A first electrode (580) is disposed on the outer surface of the inner tube (520), and a second electrode (585) is disposed on the inner surface of the outer tube (510), thereby forming a dielectric barrier discharge (DBD) NTP reactor. The first electrode (580) and the second electrode (585) are disposed to face each other, and one of the two electrodes is a high voltage electrode and the other is a ground electrode. An NTP may be formed in a gap between the first electrode (580) and the second electrode (585). Ceramic wool (570) may be disposed in the gap between the first electrode (580) and the second electrode (585). The ceramic wool (570) may be used as an NTP catalyst, but may also be used as an insulator or a high temperature resistant porous plug/stopper.
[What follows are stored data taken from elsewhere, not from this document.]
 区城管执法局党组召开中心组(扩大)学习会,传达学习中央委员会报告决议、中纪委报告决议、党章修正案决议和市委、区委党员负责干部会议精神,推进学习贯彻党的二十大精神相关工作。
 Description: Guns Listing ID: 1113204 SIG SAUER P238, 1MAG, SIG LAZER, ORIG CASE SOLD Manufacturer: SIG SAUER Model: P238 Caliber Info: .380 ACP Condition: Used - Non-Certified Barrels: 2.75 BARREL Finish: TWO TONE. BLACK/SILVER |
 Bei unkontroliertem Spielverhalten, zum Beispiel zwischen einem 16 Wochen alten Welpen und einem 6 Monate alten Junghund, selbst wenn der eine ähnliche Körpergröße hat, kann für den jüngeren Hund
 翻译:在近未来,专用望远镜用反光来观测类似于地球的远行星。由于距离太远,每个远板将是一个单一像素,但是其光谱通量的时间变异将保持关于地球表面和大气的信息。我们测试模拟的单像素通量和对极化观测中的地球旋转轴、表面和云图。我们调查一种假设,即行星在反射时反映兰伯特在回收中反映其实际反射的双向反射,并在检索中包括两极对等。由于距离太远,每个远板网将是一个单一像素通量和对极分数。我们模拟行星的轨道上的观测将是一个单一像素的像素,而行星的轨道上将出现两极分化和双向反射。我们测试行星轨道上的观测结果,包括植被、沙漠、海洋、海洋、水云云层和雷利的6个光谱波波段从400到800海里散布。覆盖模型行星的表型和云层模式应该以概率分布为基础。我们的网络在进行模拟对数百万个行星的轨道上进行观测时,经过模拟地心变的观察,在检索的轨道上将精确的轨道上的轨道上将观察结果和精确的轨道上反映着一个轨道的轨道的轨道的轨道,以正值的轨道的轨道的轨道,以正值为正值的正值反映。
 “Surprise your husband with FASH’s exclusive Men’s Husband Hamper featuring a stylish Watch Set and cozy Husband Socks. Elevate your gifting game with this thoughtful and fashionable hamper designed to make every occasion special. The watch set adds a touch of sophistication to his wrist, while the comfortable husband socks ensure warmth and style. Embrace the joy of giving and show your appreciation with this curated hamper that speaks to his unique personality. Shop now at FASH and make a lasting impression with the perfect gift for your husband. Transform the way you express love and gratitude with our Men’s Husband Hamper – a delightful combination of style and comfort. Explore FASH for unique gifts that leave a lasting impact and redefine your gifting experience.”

The hydrogen production device (500) may include a POX reactor and an NTP reactor. The NTP reactor is positioned between the outer tube (510) and the inner tube (410), and the POX reactor and membrane separator are positioned inside the inner tube (420). The input gas first flows into the inner tube (420), and hydrogen and carbon monoxide are generated through the POX reaction. The generated hydrogen is discharged, and the generated carbon monoxide is converted into carbon dioxide and carbon dioxide through the NTP reaction.
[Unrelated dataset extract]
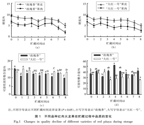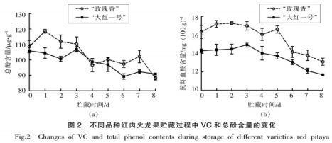 VC也是火龍果中重要的營養(yǎng)成分之一,能維持活性氧代謝平衡、延緩后熟軟化,是果實內(nèi)清除活性氧的一種重要的抗氧化劑,對延緩果實衰老有一定效果。“玫瑰香”品種和“大紅一號”品種火龍果的VC含量如圖2b所示,隨著貯藏時間的增加,VC含量均呈現(xiàn)下降趨勢,與總酚含量的變化趨勢一致,說明隨著貯藏時間增加,果實逐漸軟化腐敗,火龍果的抗氧化能力下降。
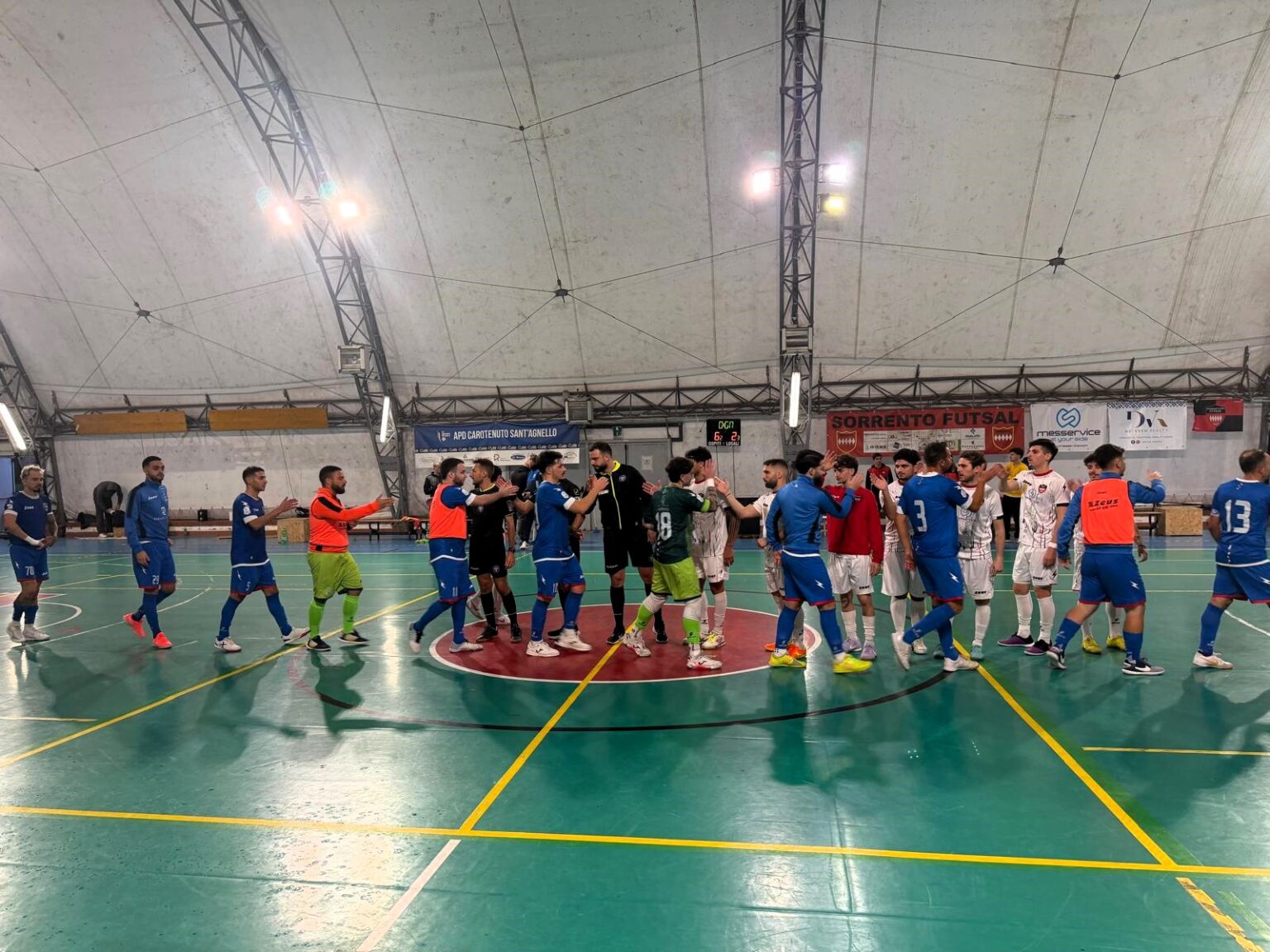 Alla tendostruttura di Sant’Agnello, complice il campo ridotto, il ritmo è altissimo e le occasioni fioccano. Il Sorrento si affida soprattutto a Fred, protagonista di un serrato duello con Massaro, ancora una volta titolare. È proprio Fred ad accorciare all’11’, ribadendo in rete una respinta del portiere biancoblù.

The operation within the hydrogen production device (500) is as follows.

An input gas containing nitrogen-depleted air (or oxygen) and methane (or natural gas) mixed with water vapor enters a hydrogen production device (500) along a central inner tube (530). The input gas can be heated to a temperature in the range of 400°C to 1200°C (preferably, 450°C to 550°C) via a heating element (535).

Heated methane and air are converted into hydrogen and carbon monoxide through the POX reaction as shown in Chemical Formula 23 as they pass through the POX catalyst (560) between the central inner tube (530) and the central outer tube (540).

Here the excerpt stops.